This class wraps the model class and provides strongly typed methods for performing inference via the prediction(input: Inceptionv3Input) and prediction(image: CVPixelBuffer) methods, each returning the output class we saw previously—Inceptionv3Output. Now, knowing what our model is expecting, let's continue to implement the preprocessing functionality required for the captured frames in order to feed them into the model.

Core ML 2 introduced a the ability to work with batches; if your model was compiled with Xcode 10+ then you will also see the additional method <CODE>func predictions(from: MLBatchProvider, options: MLPredictionOptions)</CODE> allowing you to perform inference on a batch of inputs.

At this stage, we know that we are receiving the correct data type (CVPixelBuffer) and image format (explicitly defined in the settings when configuring the capture video output instance kCVPixelFormatType_32BGRA) from the camera. But we are receiving an image significantly larger than the expected size of 299 x 299. Our next task will be to create some utility methods to perform resizing and cropping.

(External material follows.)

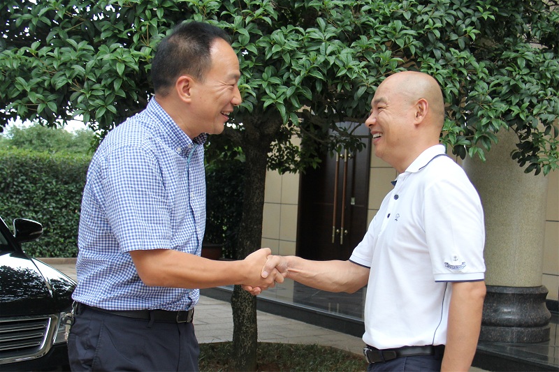 8月8日下昼,,,,,,新昌县副县长裘武宏一行莅临公司视察事情,,,,,,公司董事长吕钢、总司理王能能接待了裘副县长一行。。。。。。。。
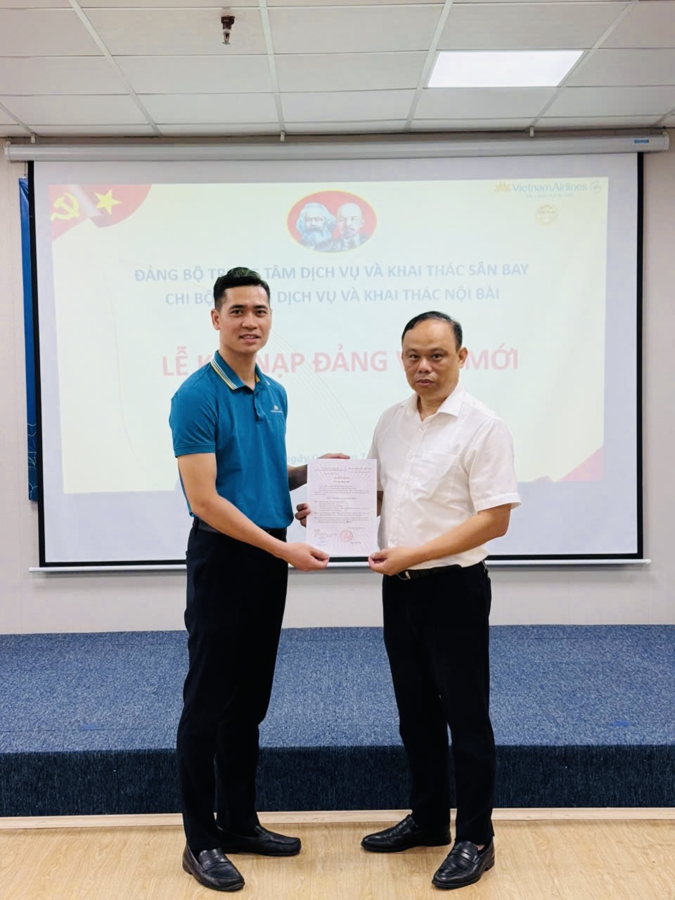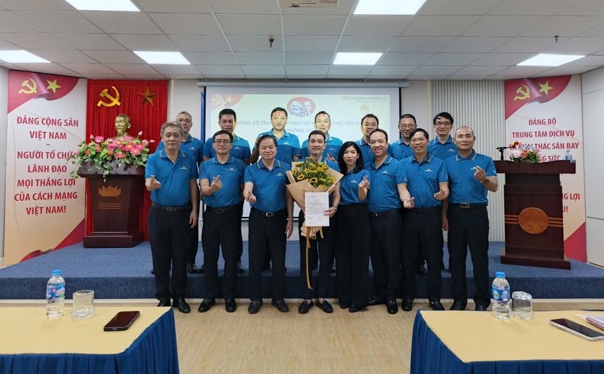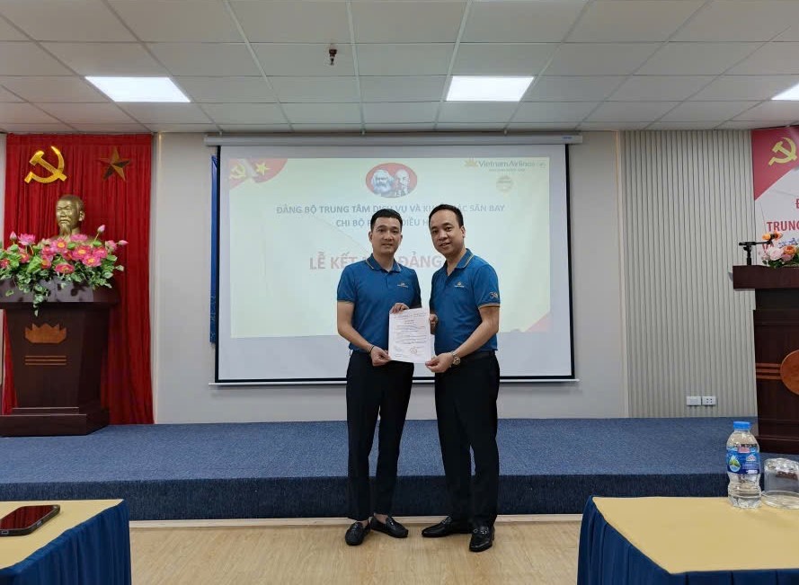 Tại Chi bộ Phòng Dịch vụ và Khai thác Nội Bài, đồng chí Nguyễn Hồng Thái – Phó Bí thư Chi bộ công bố và trao Quyết định kết nạp Đảng viên cho quần chúng ưu tú Đỗ Tuấn Dương.

For this, we will be extending CIImage to wrap and process the pixel data we receive along with making use of CIContext to obtain the raw pixels again. If you're unfamiliar with the CoreImage framework, then it suffices to say that it is a framework dedicated to efficiently processing and analyzing images. CIImage can be considered the base data object of this framework that is often used in conjunction with other CoreImage classes such as CIFilter, CIContext, CIVector, and CIColor. Here, we are interested in CIImage as it provides convenient methods for manipulating images along with CIContext to extract the raw pixel data from CIImage (CVPixelBuffer).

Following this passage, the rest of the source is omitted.